We've gotten confirmation from one customer that the patch solves the issue.
Customers have reported seeing this issue even for active connections and not only for new ones.
(In reply to comment #12) > Customers have reported seeing this issue even for active connections and not > only for new ones. Disregard this comment, it seems like another bug.
I saw this issue on Windows 10 when connecting from our internal network out to eudemo.thinlinc.com with a regular wired connection.
The triggering condition seems to be that the final output from thinlinc-login and the command terminating happens at the same time. I.e. the ssh client will see both the output and the exit in the protocol stream without having to call select() to get more data. I have not figured out a good way to cause this buffering with an unmodified client. But patching ssh easily provokes. Simply put a "Sleep(500);" at the top of win32_select() and the bug will appear.

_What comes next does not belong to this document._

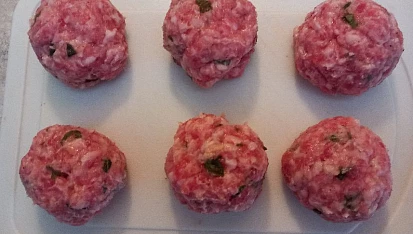 Krok 1: Očištěné jehněčí maso nameleme do misky. Přidáme sůl, kmín, 2 vejce, drcený bílý pepř, škrob a oprané, osušené a jemně nasekané lístky máty. Dobře promícháme a vlhkou rukou vytvoříme malé kuličky o průměru asi 4 cm. Z namíchaného masa vytvoříme velkou šišku, rozdělíme ji na 4 díly a z každého dílu pak vytvoříme 3 kuličky.

Should be fixed now. Tester probably needs to use a modified ssh client, or figure out some other way of provoking the bug.
With 4.9.0, I can reproduce the problem on my laptop with Windows 7, if connected via mobile phone tethering and downloading web pages during login. 2 out of 3 login fails. With 4.9.0post build 6045, it works correctly.